Internals of ggplot2

Author

Aditya Dahiya

Published

September 26, 2024

This chapter has no exercises. So, I will try to summarize some concepts using mermaid flowcharts in Quarto

19.1 The ggplot2 Plot Rendering Process

This Figure 1 illustrates the 5 key steps involved in rendering a ggplot2 object into an image, generated using Quarto’s native support for mermaid diagrams. (Credits: Code help from ChatGPT also.)

Code
flowchart TD
    A["1. Create ggplot object"] --> B["2. ggplot_build(): Prepare data for each layer"]
    B --> C["3. ggplot_gtable(): Convert data to graphical elements (gtable)"]
    C --> D["4. grid::grid.newpage(): Create new image page"]
    D --> E["5. grid::grid.draw(): Draw gtable on the image"]

flowchart TD
    A["1. Create ggplot object"] --> B["2. ggplot_build(): Prepare data for each layer"]
    B --> C["3. ggplot_gtable(): Convert data to graphical elements (gtable)"]
    C --> D["4. grid::grid.newpage(): Create new image page"]
    D --> E["5. grid::grid.draw(): Draw gtable on the image"]

Figure 1: A flowchart with 5 steps on how ggplot2 object is actually drawn into a graphic.

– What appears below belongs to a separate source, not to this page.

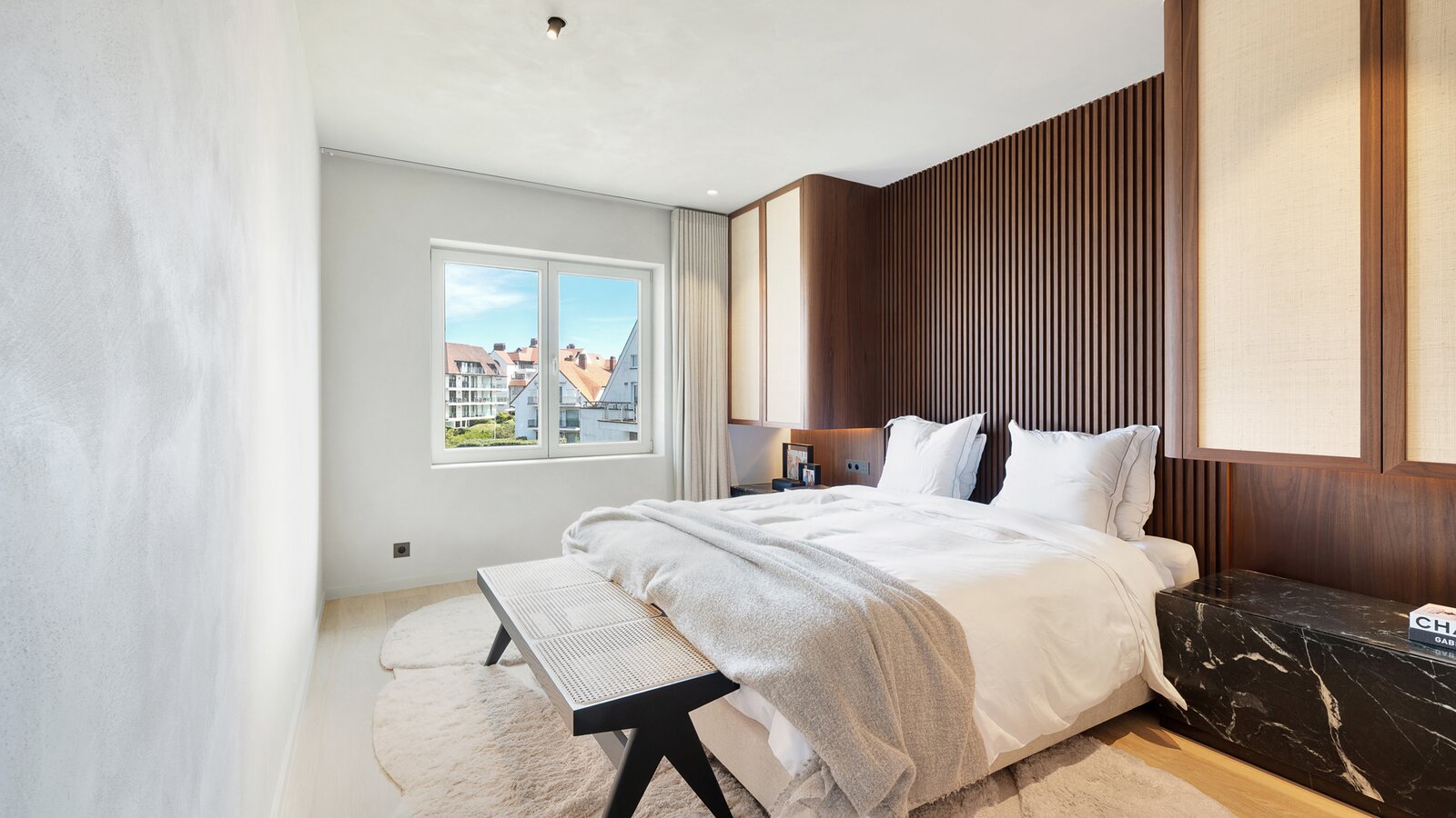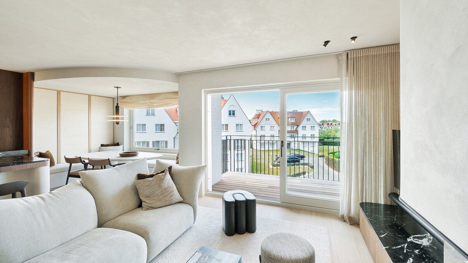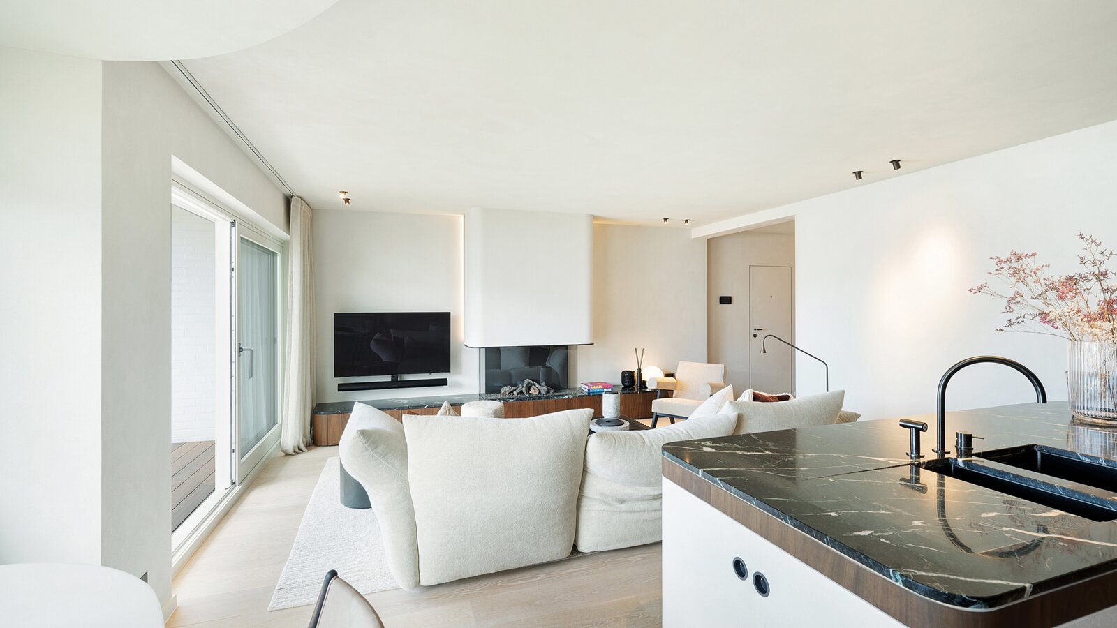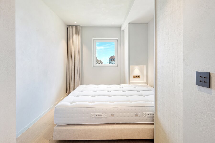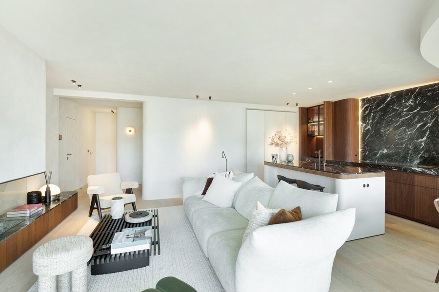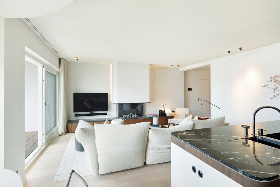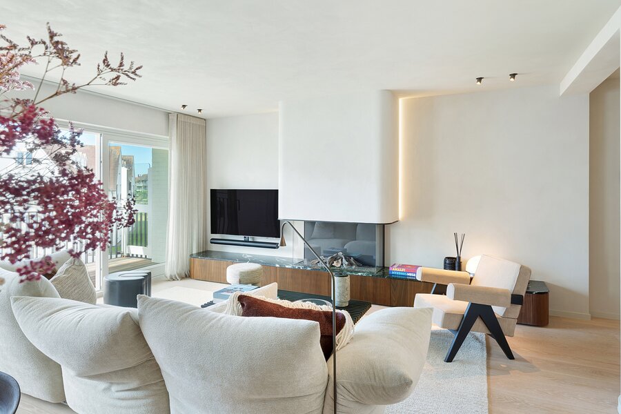 Bij het betreden van het appartement wordt u verwelkomd in een ruime inkomhal met vestiaire en gastentoilet. De indrukwekkend brede leefruimte is voorzien van een elegant salon met gashaard en opent naadloos naar het perfect georiënteerde zonneterras.

19.2 Steps in the ggplot2 Build Process:

  • Data Preparation:
    • ggplot_build() starts by preparing data for each layer of the plot.
    • Each layer can provide its own data, inherit the global data, or use a function to generate data.
    • The data is passed through the plot’s layout, which organizes coordinate systems and facets (different sections of the plot).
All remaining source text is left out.